**Task:** Give back every line of the material exactly. Skip the pictures.
'''
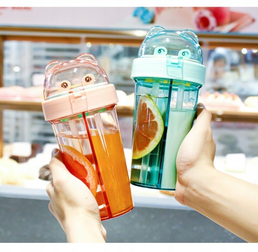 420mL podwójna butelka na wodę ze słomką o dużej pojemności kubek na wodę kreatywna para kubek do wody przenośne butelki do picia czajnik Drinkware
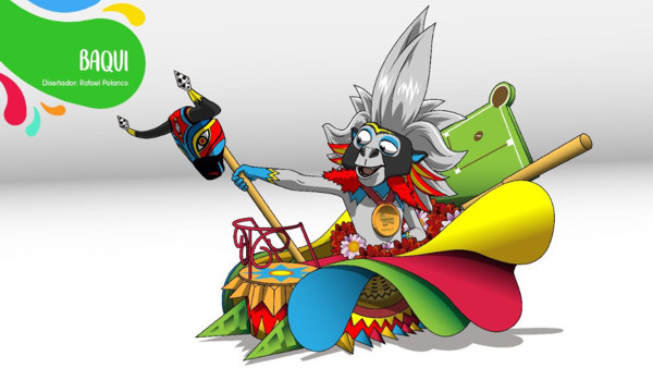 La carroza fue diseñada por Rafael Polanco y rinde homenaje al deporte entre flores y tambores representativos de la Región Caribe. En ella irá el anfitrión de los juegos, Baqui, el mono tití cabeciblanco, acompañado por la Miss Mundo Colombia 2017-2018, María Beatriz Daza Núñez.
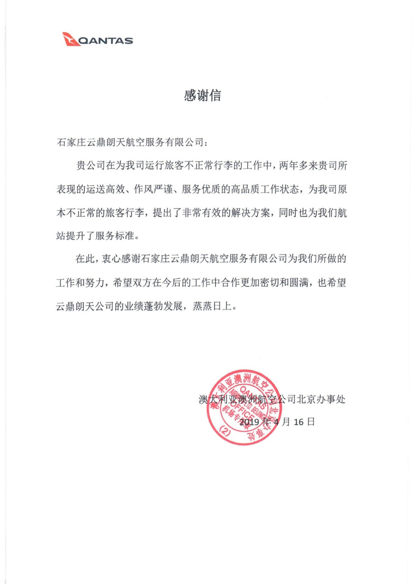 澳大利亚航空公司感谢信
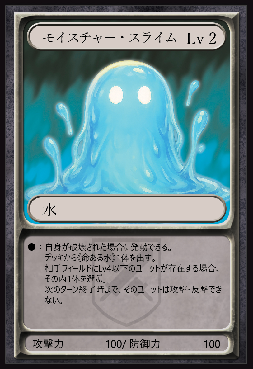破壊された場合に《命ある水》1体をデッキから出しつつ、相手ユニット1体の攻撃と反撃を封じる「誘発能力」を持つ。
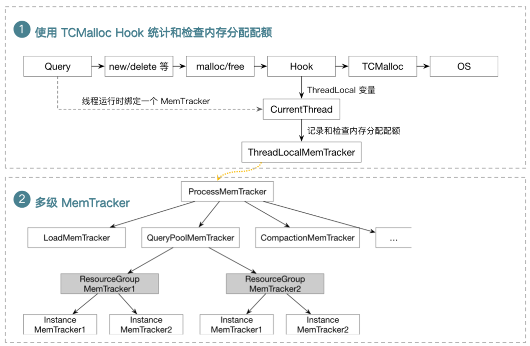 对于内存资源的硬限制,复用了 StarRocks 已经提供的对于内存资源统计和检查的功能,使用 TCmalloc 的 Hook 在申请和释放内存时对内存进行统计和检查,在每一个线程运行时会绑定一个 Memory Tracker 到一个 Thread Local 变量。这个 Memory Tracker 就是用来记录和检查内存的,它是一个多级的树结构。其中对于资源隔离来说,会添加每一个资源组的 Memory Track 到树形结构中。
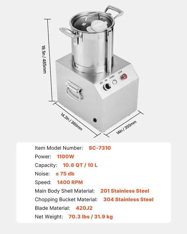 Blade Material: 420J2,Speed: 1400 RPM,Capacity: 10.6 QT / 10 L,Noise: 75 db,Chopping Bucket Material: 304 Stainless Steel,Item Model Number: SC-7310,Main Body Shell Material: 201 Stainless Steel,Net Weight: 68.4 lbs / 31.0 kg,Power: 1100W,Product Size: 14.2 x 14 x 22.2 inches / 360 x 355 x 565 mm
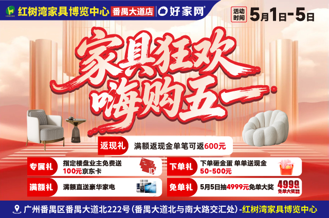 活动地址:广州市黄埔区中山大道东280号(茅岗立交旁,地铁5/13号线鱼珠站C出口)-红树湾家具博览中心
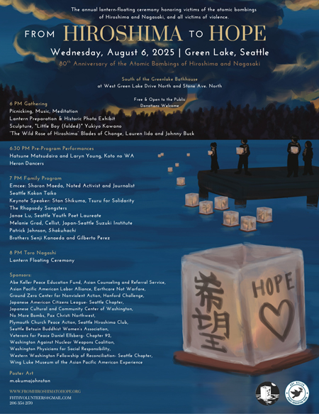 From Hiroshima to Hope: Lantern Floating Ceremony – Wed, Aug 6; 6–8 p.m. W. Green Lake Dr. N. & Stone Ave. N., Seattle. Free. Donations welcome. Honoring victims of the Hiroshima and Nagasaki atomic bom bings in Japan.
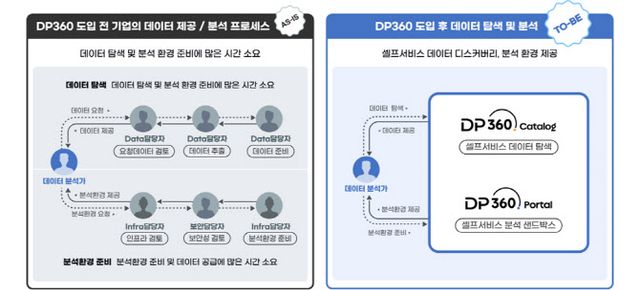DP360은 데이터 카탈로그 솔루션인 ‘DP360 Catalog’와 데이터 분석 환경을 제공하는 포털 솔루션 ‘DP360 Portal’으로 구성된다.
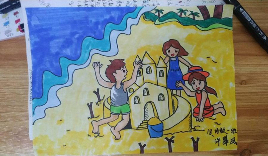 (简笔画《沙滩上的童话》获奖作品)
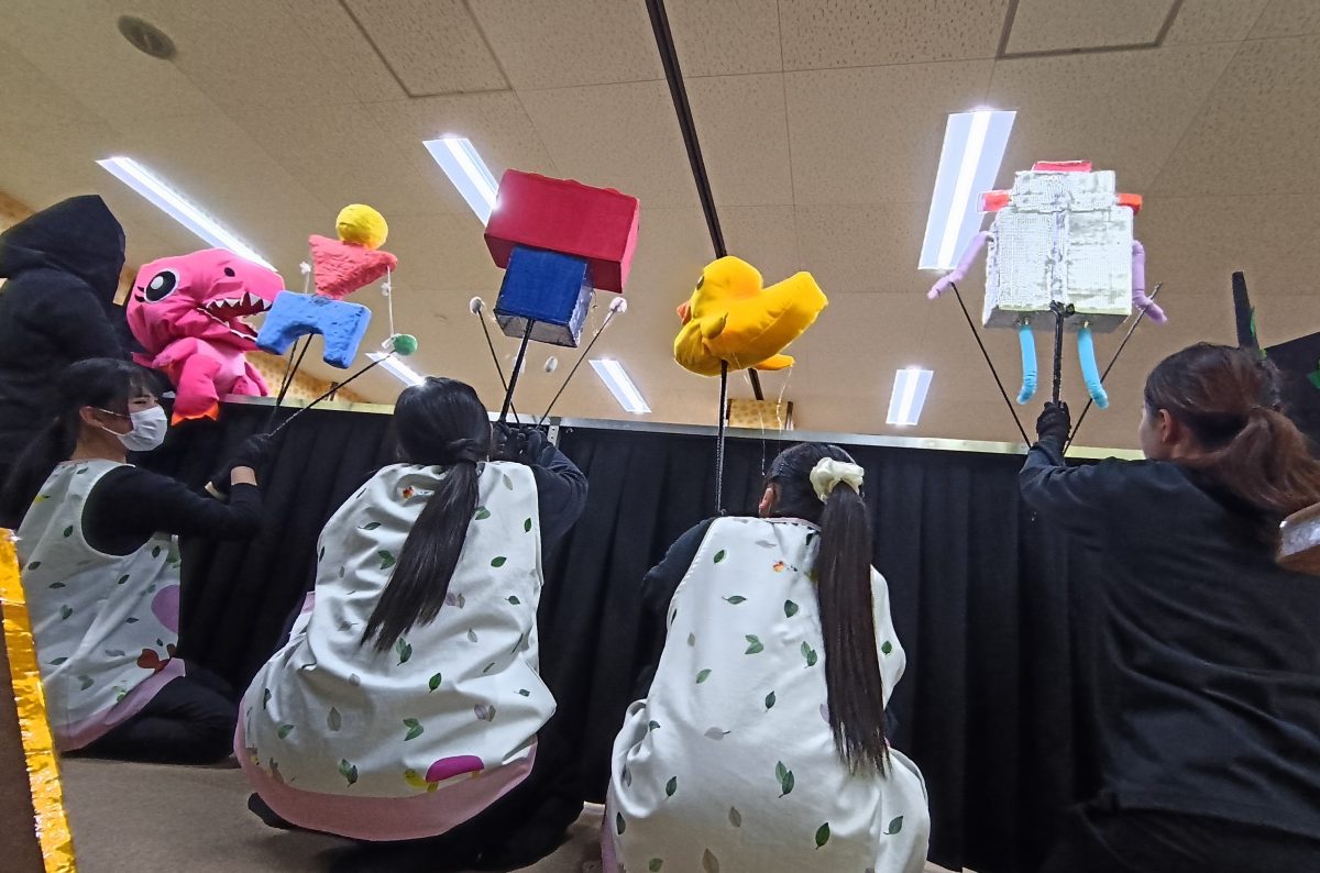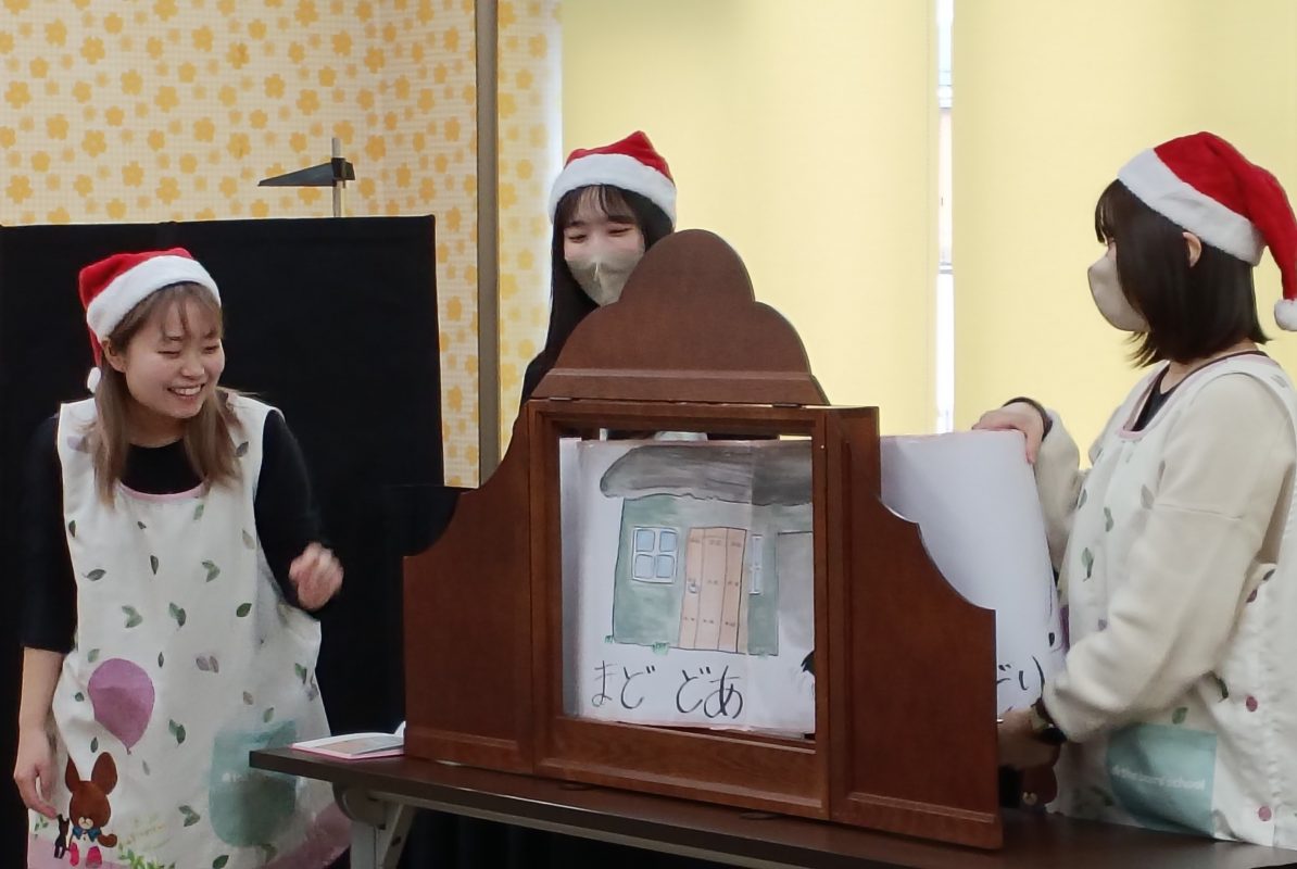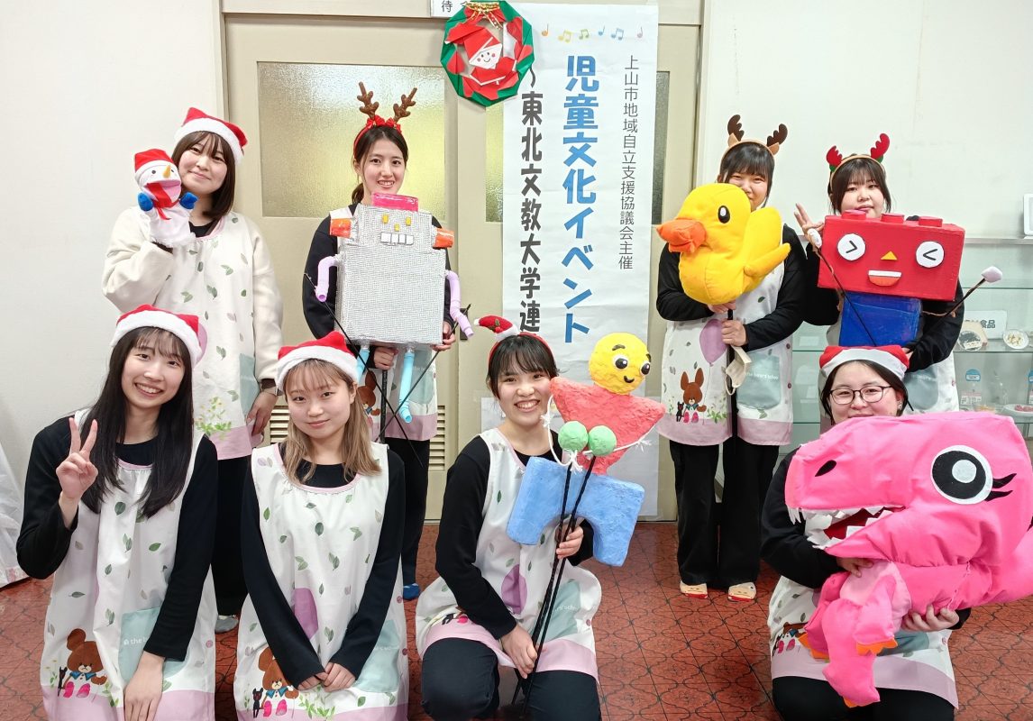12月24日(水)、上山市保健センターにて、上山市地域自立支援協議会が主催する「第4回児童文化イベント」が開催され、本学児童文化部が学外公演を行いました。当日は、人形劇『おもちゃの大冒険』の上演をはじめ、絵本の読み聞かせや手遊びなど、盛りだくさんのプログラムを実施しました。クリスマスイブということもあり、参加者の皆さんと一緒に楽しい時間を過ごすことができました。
'''
**Task answer:**
 420mL podwójna butelka na wodę ze słomką o dużej pojemności kubek na wodę kreatywna para kubek do wody przenośne butelki do picia czajnik Drinkware
 La carroza fue diseñada por Rafael Polanco y rinde homenaje al deporte entre flores y tambores representativos de la Región Caribe. En ella irá el anfitrión de los juegos, Baqui, el mono tití cabeciblanco, acompañado por la Miss Mundo Colombia 2017-2018, María Beatriz Daza Núñez.
 澳大利亚航空公司感谢信
破壊された場合に《命ある水》1体をデッキから出しつつ、相手ユニット1体の攻撃と反撃を封じる「誘発能力」を持つ。
 对于内存资源的硬限制,复用了 StarRocks 已经提供的对于内存资源统计和检查的功能,使用 TCmalloc 的 Hook 在申请和释放内存时对内存进行统计和检查,在每一个线程运行时会绑定一个 Memory Tracker 到一个 Thread Local 变量。这个 Memory Tracker 就是用来记录和检查内存的,它是一个多级的树结构。其中对于资源隔离来说,会添加每一个资源组的 Memory Track 到树形结构中。
 Blade Material: 420J2,Speed: 1400 RPM,Capacity: 10.6 QT / 10 L,Noise: 75 db,Chopping Bucket Material: 304 Stainless Steel,Item Model Number: SC-7310,Main Body Shell Material: 201 Stainless Steel,Net Weight: 68.4 lbs / 31.0 kg,Power: 1100W,Product Size: 14.2 x 14 x 22.2 inches / 360 x 355 x 565 mm
 活动地址:广州市黄埔区中山大道东280号(茅岗立交旁,地铁5/13号线鱼珠站C出口)-红树湾家具博览中心
 From Hiroshima to Hope: Lantern Floating Ceremony – Wed, Aug 6; 6–8 p.m. W. Green Lake Dr. N. & Stone Ave. N., Seattle. Free. Donations welcome. Honoring victims of the Hiroshima and Nagasaki atomic bom bings in Japan.
DP360은 데이터 카탈로그 솔루션인 ‘DP360 Catalog’와 데이터 분석 환경을 제공하는 포털 솔루션 ‘DP360 Portal’으로 구성된다.
 (简笔画《沙滩上的童话》获奖作品)
12月24日(水)、上山市保健センターにて、上山市地域自立支援協議会が主催する「第4回児童文化イベント」が開催され、本学児童文化部が学外公演を行いました。当日は、人形劇『おもちゃの大冒険』の上演をはじめ、絵本の読み聞かせや手遊びなど、盛りだくさんのプログラムを実施しました。クリスマスイブということもあり、参加者の皆さんと一緒に楽しい時間を過ごすことができました。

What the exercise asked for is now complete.